I would love to write more, every time I sit down though, out comes the monster living in my head telling me all kinds of things to prevent me from writing.
Currently, the monster is challenging me, and who I am. I have a scene in my head, that's been developing over the past few days. I sat down at the computer to write this scene. This was the sole purpose of my sitting here. The way the scene plays out...I kind of look back on it and feel almost like I'm reading someone else. It almost doesn't feel like me because of this one detail that seems like something I would never think of because anytime something like this comes up in actual conversation I shy away from the conversation.
I think because of this detail being something I would usually shy away from, I am having difficulty actually putting it to the computer screen. I have this little monster poking and laughing at me saying "what are you thinking? People are never going to read this. You don't want to read this, you don't even want to write it. Look how uncomfortable you are with this idea."

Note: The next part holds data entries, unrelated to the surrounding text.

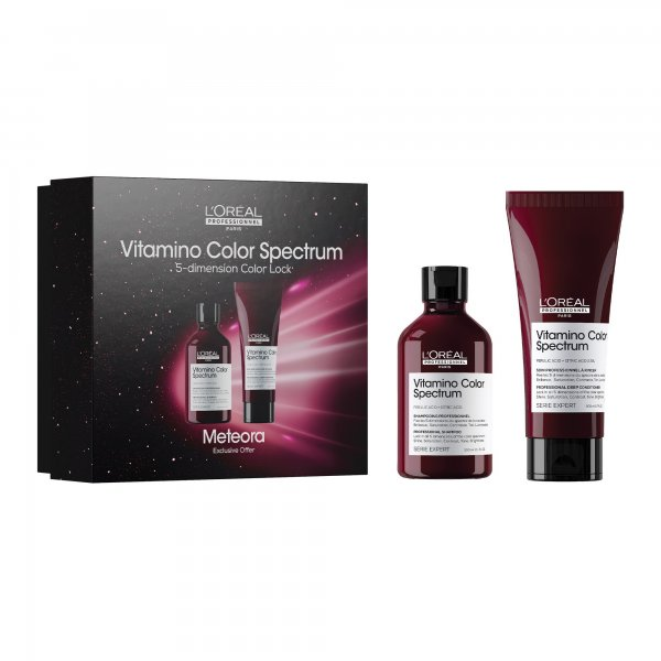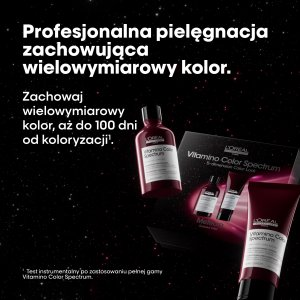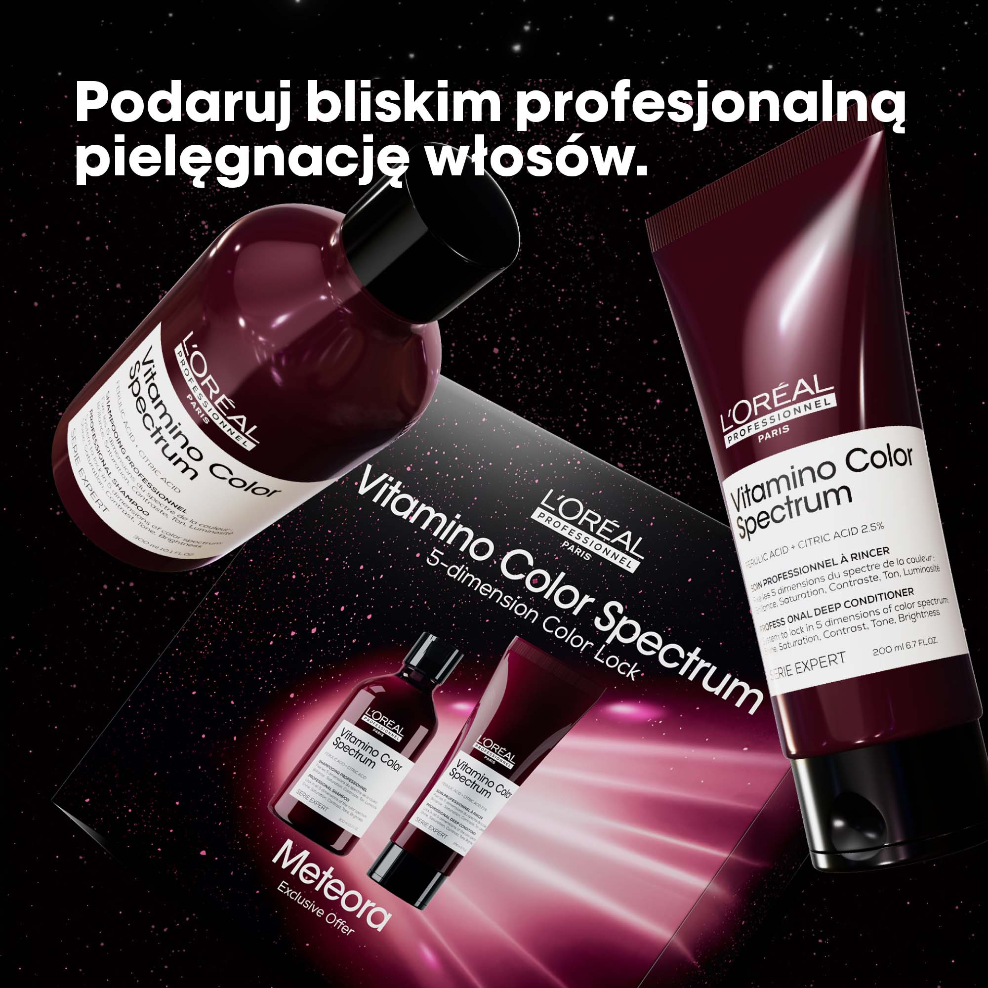 Odkryj profesjonalną pielęgnację włosów koloryzowanych z zestawem prezentowym Loreal Vitamino Color Spectrum Duo. To wyjątkowe połączenie szamponu i odżywki, które zapewnia aż do 100 dni wielowymiarowego koloru1, intensywny połysk oraz skuteczną ochronę włosów farbowanych. Formuły oparte na zaawansowanych technologiach L'Oréal Professionnel gwarantują wzmocnienie, odżywienie i długotrwałe nawilżenie, by Twoje włosy zachwycały blaskiem i zdrowym wyglądem każdego dnia.
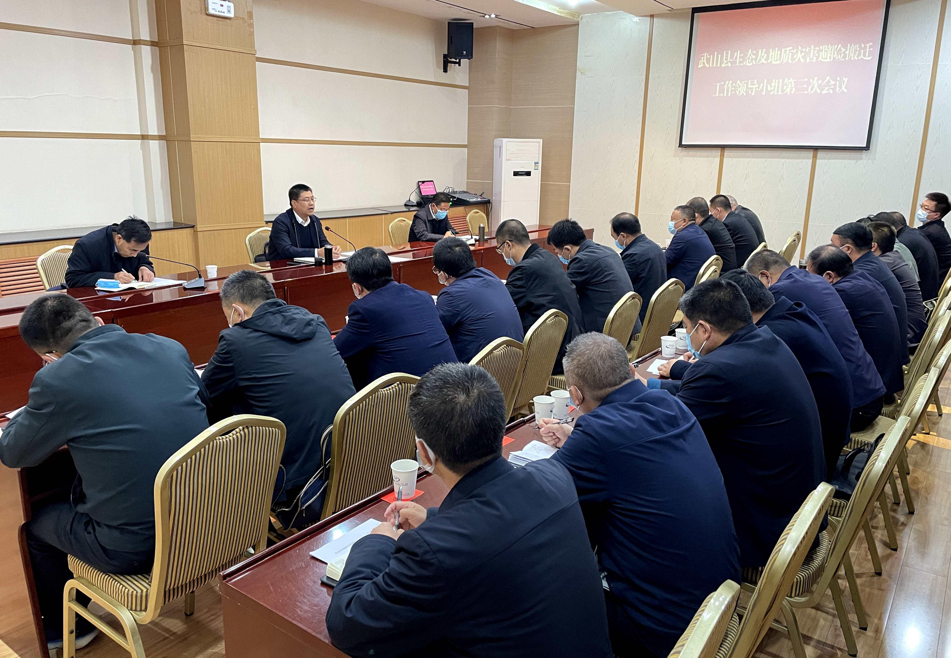 武山县融媒体中心11月4日讯(记者 杨耀斌)11月4日,武山县召开生态及地质灾害避险搬迁工作领导小组第三次会议,县委常委、副县长赵百祥主持会议并讲话,县委常委、城关镇党委书记王想成,县生态及地质灾害避险搬迁领导小组相关部门单位负责人及工作专班成员,各乡镇主要负责人参加会议。
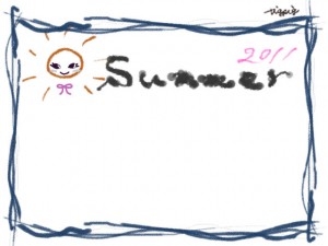 フリー素材:フレーム;夏の海の波みたいなラフな青の手描きラインと太陽のイラストと2011summerの手書き文字のwebデザイン素材

I'm thinking I want to grow, I want to challenge myself. If I stayed in my comfort zone, my writing would probably be very boring. So boring, even I wouldn't want to read. Yet, I sit here starring at a blank Word document....
Times like this, what my fiance usually says to me pops in my head. When I talk to him and complain how the words aren't coming, or I'm scared to do something he usually asks if I want to do this thing, which of course I do, so he says "then just do it." It may not always be as easy as just doing it, but the words have started to appear on the screen. All it took was my knight in shining armor to chase away the monster in my head.
Before this monster breaks free, I'm going to try to get this scene completely out and on the screen; or before the day catches up to me and I have to go actually work on the job that pays the bills. (Shudders.)